Maybes and Could Bes

Illumina is a company that makes platforms that do genetic sequencing for the likes of Covid variants and fetal abnormalities. Grail is a company that has blood tests that can detect DNA from cancer cells before people show symptoms. At the outset, Illumina created Grail for that purpose then spun the company off so each could focus on what it does best.

Grail succeeded, strongly.

Now Illumina wants to (re)acquire Grail, and Grail wants to be (re)acquired. Illumina says its regulatory satisfaction expertise can greatly facilitate bringing Grail’s tests to market and to the benefit of countless folks at risk of any of the 50 cancers Grail’s tests can detect quickly and reliably, along with the 12 most deadly cancers with 60% accuracy. All with a simple blood draw.

Potential competitors petitioned the Federal Trade Commission to block the merger, and the FTC agreed and has sued to block the merger.

That’s a problem.

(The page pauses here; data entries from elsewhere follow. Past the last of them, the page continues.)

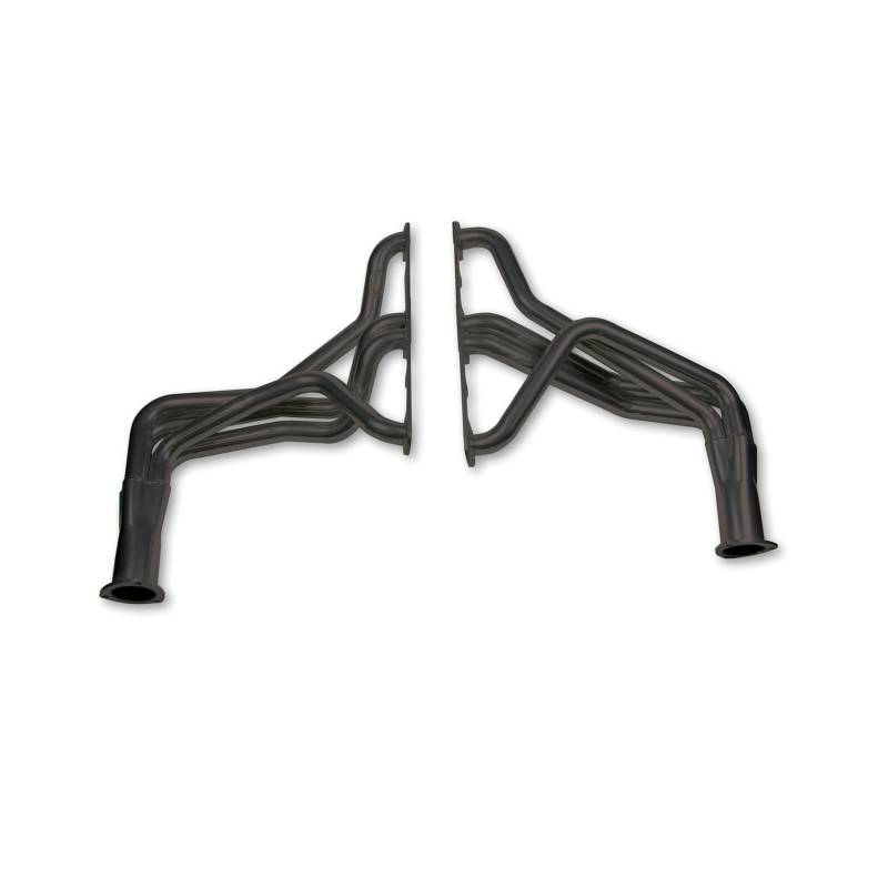 Hooker Competition headers offer the best value in the high performance header market. Designed for the value-conscious buyer, Hooker Competition headers offer premium features at a very competitive price.\nMade of durable 16 gauge mild steel tubing, the Hooker Competition header design utilizes a long transition collector to reduce back pressure and increase exhaust flow. A perfect sealing surface is assured with the 5/16" machined flanges, with welded O-ring seals. Experience has proven that this flange size is ideal to maintain header integrity and be pliable enough to seal each exhaust port. Tubing is mandrel-bent to maintain metal strength and provide consistent tube diameter at radii to maximize performance.\nHooker Competition headers have a standard finish that features a heat-cured, high-heat-resistant paint. Optionally, the famous Hooker Ceramic Thermal Barrier Coating is available.
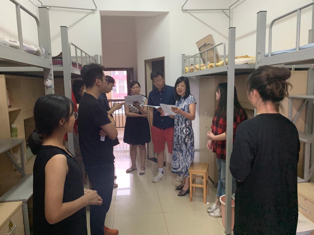 党总支书记刘缨,学工办主任于丽丽,研究生辅导员徐德猛,科研办白冰,19级研究生班主任常振华等院领导老师前往甬江研究生公寓走访研究生新生寝室,对成人动作片
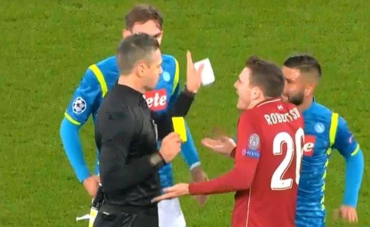 红蓝双德昨天在安菲尔德球场进行的利物浦与那不勒斯的欧冠出线生死战中,比起1-0的平淡比分,比赛第13分钟出现的一次犯规反而成为了赛后关注的焦点。红军后卫范戴克以一记滑铲破坏了对方反击的同时也铲倒了奔跑中的梅尔滕斯,而随即荷兰国脚也因此吃到了一张黄牌,但赛后无论是那不勒斯球迷还是主帅安切洛蒂都认为范戴克的这一次滑铲应当被红牌罚下,甚至一部分那不勒斯球迷怒骂这位荷兰中卫为“屠夫”(butcher)。那么严格来说,斯科米纳的这次争议判罚是否准确呢?红军铁卫的这次犯规是否该吃红牌呢?

The FTC’s case centers on two premises and a false underlying assumption. The merger would, according to the FTC,

lessen competition in the US multi-cancer early detection (MCED) test market by diminishing innovation and potentially increasing prices.

“Diminishing innovation”—not at all. Aside from the lack of actual evidence of such a diminution—this is just tacit speculation—this sort of development only spurs competition (my own, no more or less valid speculation).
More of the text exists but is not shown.